Прежде всего, изобретается новый герой. Это – не старшие братья - умники, всерьез готовые поверить в то, что владение тайнами леса и охоты дается соблюдением серьезных и мрачных обрядов. Сказитель знает, что обряд – символ, знак ( и он несколько смешон, как смешон любой символ или знак, к которому относятся с нарочитой серьезностью ).
Сказитель знает, что обряды совершают не первопредки, а переодетые жрецы. Эти люди в масках смешны сказителю. Сказитель вообще выступает как трикстер, шут, пародирующий, карнавализирующий символическую серьезность ритуала инициации. О связи сказки с идеей трикстера пишет и Пропп.

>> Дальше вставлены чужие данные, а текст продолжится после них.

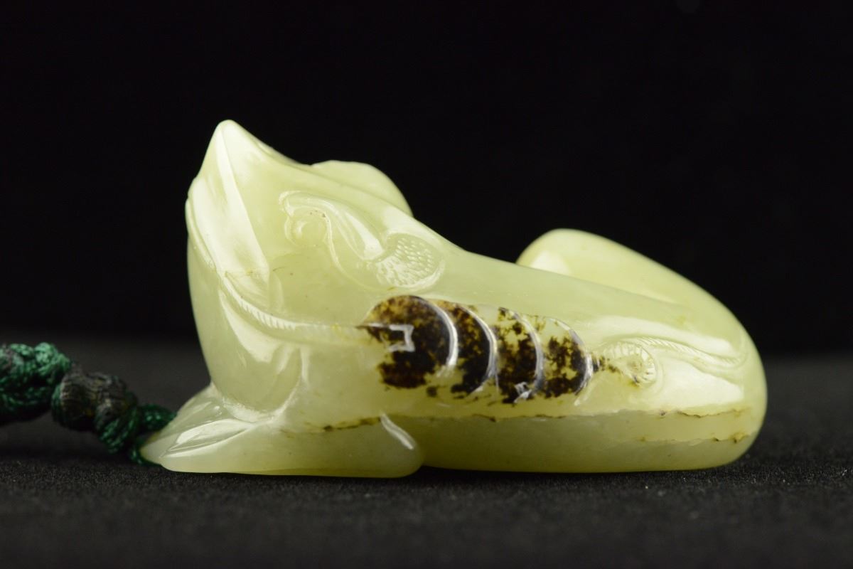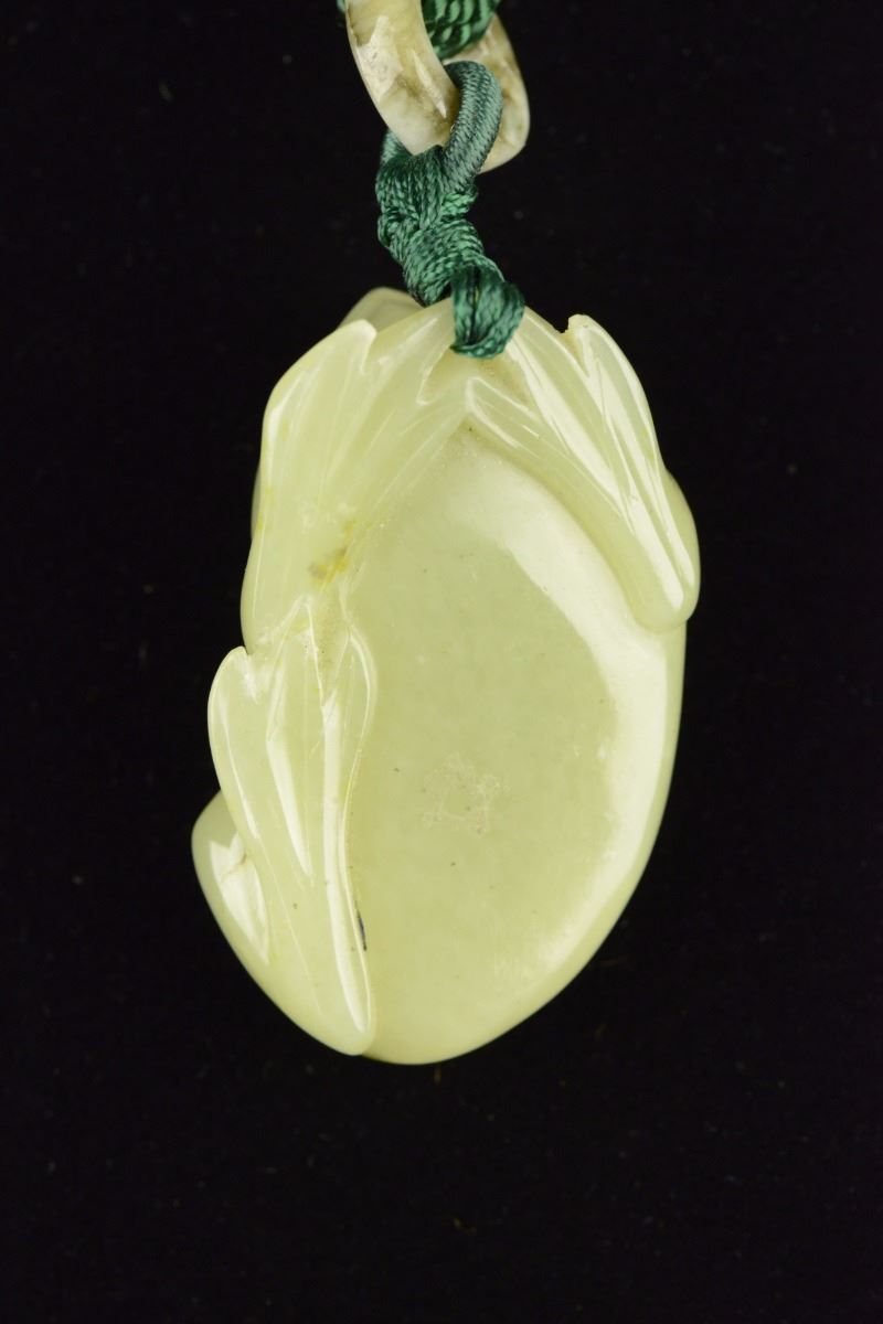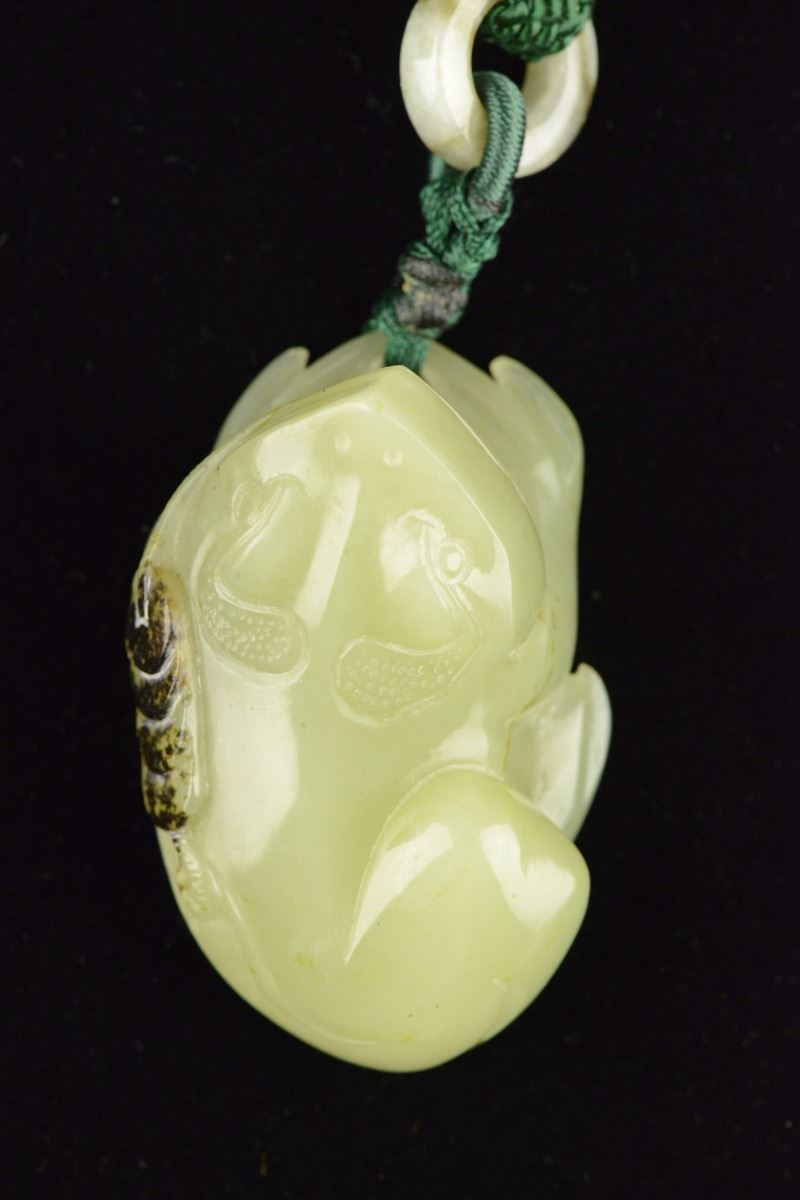 Lustrous Chinese carved hardstone toggle, of celadon tone with brown inclusions, featuring cash toad with a string of cash coins. Suspending onto hanging string. H: 5 cm, W: 3 cm, 66 grams. Provenance: T. Ng Collection Toronto.

Новый герой, изобретаемый трикстером - сказителем, Иван-дурак, Балда, во многом тоже – трикстер и шут, скоморох, клоун. Это обстоятельство замечательно обнаруживают первоклассники, соединяя тем самым волшебную сказку с бытовой.
ПЕДАГОГ ШДК.
Очень интресно! Вот как мои первоклассники обсуждают начало известной сказки Пушкина.
У. Кто такой Балда?
Вова Марченко. Он вежливый, но крутой.
Алина Юнус. Он мужик.
Антон Черных. Он глупый.
Настя Симагина. Это имя.
Рома Колесников. Это не имя. Это может быть кличка, потому что с детства он
ударился, и теперь у него голова плохая.
У. Что делает Балда?
Сережа Переверзев Он идет сам не знает куда. Он не видит, что у него перед глазами. Ему важно просто идти. (Сережа выходит к доске и демонстрирует, как идет Балда. Сережа немного похож на клоуна в этой роли. Дети смеются.)
У. А что делает поп?
Вова. Про него сказано, что он жил-был. Он знает, что делает.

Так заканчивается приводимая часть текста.